Have been baking one more more recipes per week since April. I write the recipe, modifications I made, and feedback about the recipe from those who tried it along with a picture of the item and lessons learned during the week (as they relate to cooking/making the food).
• 2/3 cup plus 3/4 cup sugar, divided
• 1/3 cup HERSHEY'S Cocoa
• 1 cup water
• 1/3 cup butter or margarine
• 2-1/2 teaspoons vanilla extract, divided
• 1 cup all-purpose flour
• 1 teaspoon baking powder
• 1/2 teaspoon salt
• 1/4 cup shortening
• 1/2 cup milk
• 1 egg
• 1/2 cup chopped nuts
• SWEETENED WHIPPED CREAM (recipe follows)
1. Prepare PASTRY CRUST. Heat oven to 350°F.

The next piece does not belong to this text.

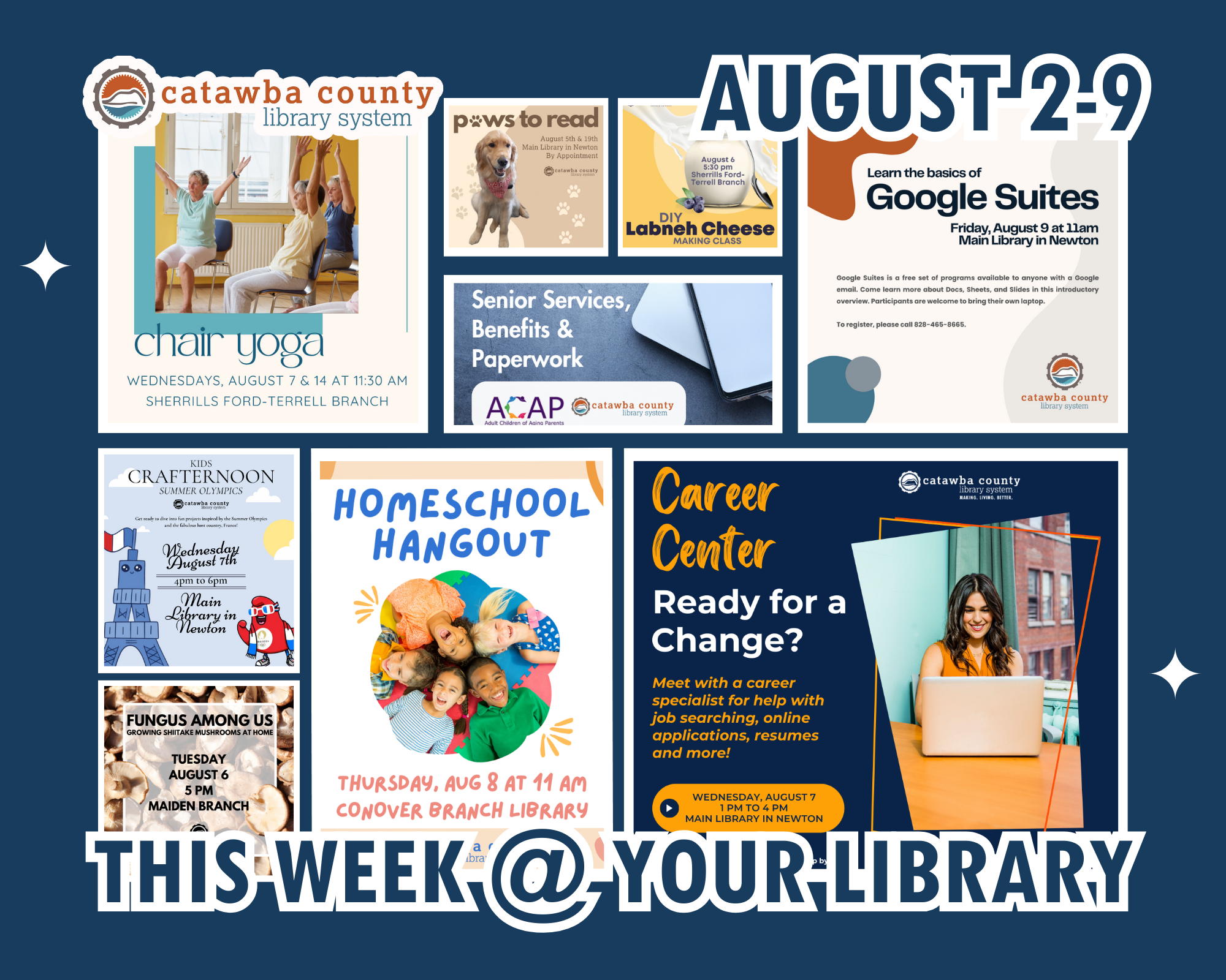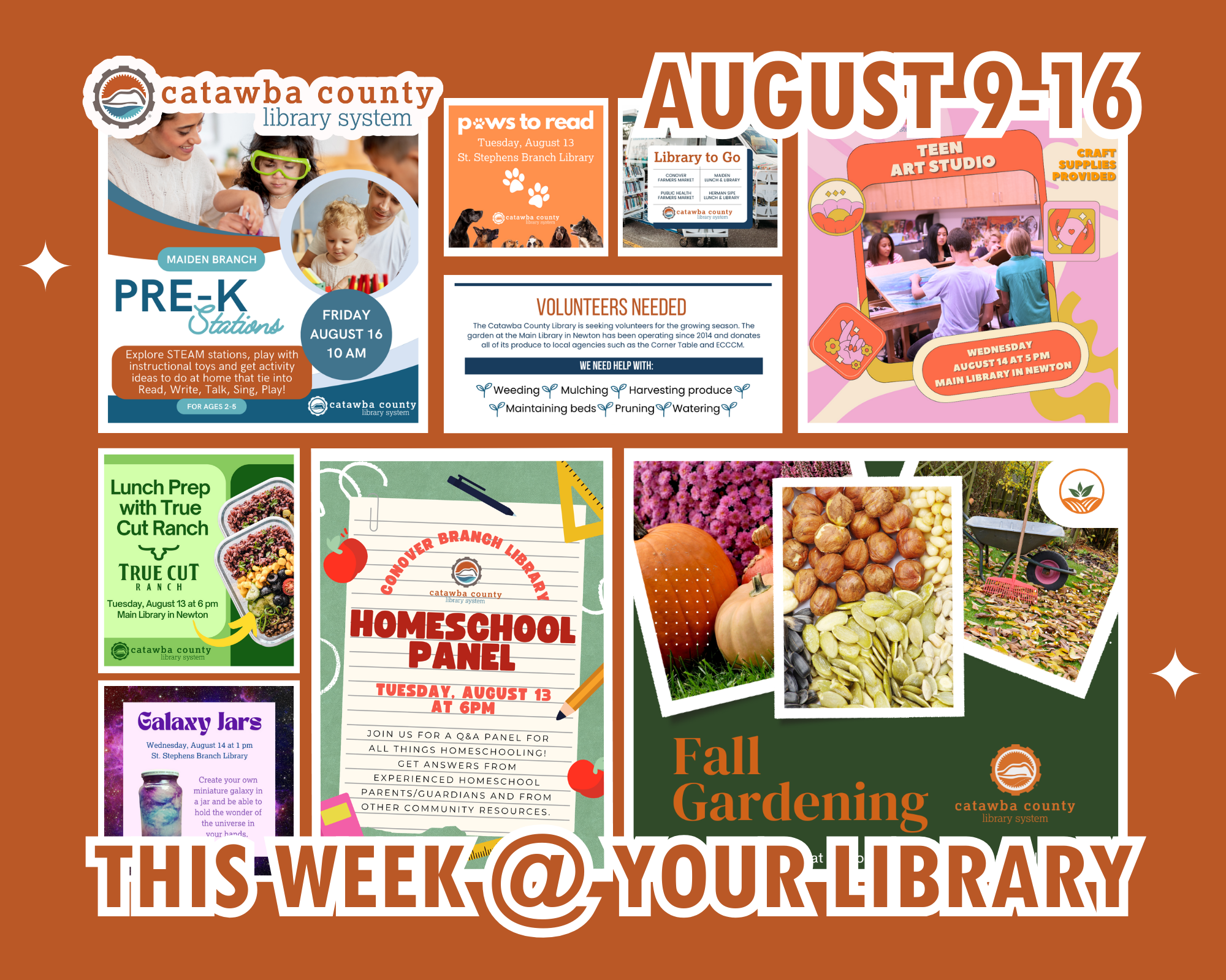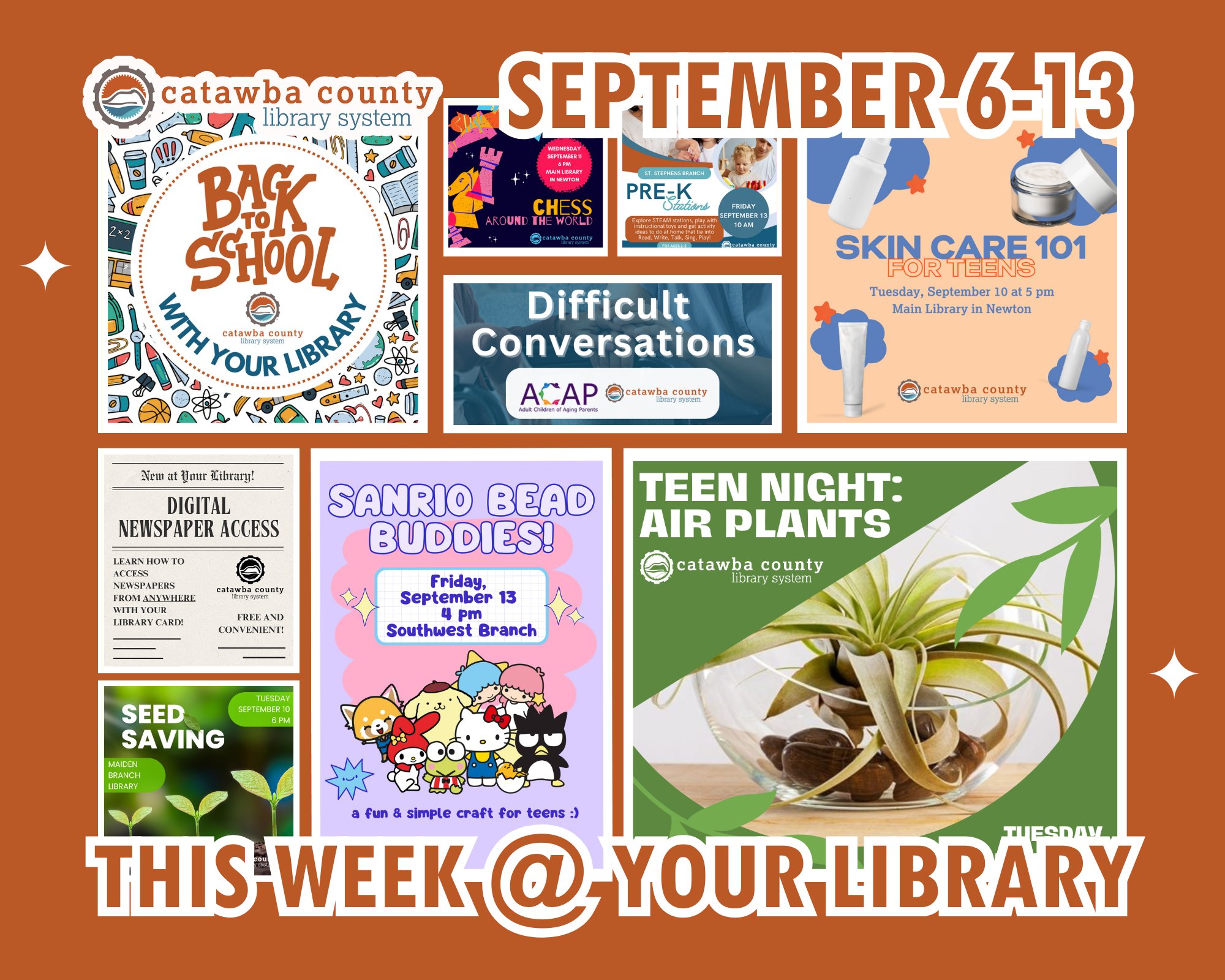 Join us at your library this coming week for a teen back-to-school party, kindergarten readiness storytime, and a visit from the Hickory Aviation Museum!...

2. Stir together 2/3 cup sugar and cocoa in medium saucepan; stir in water. Cook over medium heat, stirring occasionally, until mixture boils; boil and stir 1 minute. Remove from heat; add butter and 1-1/2 teaspoons vanilla, stirring until butter is melted. Set aside.
3. Stir together flour, remaining 3/4 cup sugar, baking powder and salt in small bowl; add shortening, milk and remaining 1 teaspoon vanilla. Beat on medium speed of electric mixer 2 minutes. Add egg; beat 2 minutes. Spoon batter into prepared crust. Stir chocolate mixture; gently pour over batter. Sprinkle nuts over top.
4. Bake 55 to 60 minutes or until wooden pick inserted in cake portion comes out clean. Cool slightly; serve warm with SWEETENED WHIPPED CREAM. 8 servings.
PASTRY CRUST (Note: this is the one in the Hershey's cookbook. I ended up using my Grandma's pie crust recipe)
1-1/3 cups all-purpose flour
1/2 teaspoon salt
1/8 teaspoon baking powder
1/2 cup shortening
3 tablespoons cold water
Stir together flour, salt and baking powder in medim bowl. Cut in shortening until pieces are size of small peas; sprinkle in water, tossing with fork until all flour is moistened. Roll dough into circle about 1/8 inch thick. Fit into 9-inch pie plate; flute edge.
SWEETENED WHIPPED CREAM: Combine 1 cup (1/2 pt.) cold whipping cream, 2 tablespoons sugar and 1 teaspoon vanilla extract in small bowl; beat until stiff.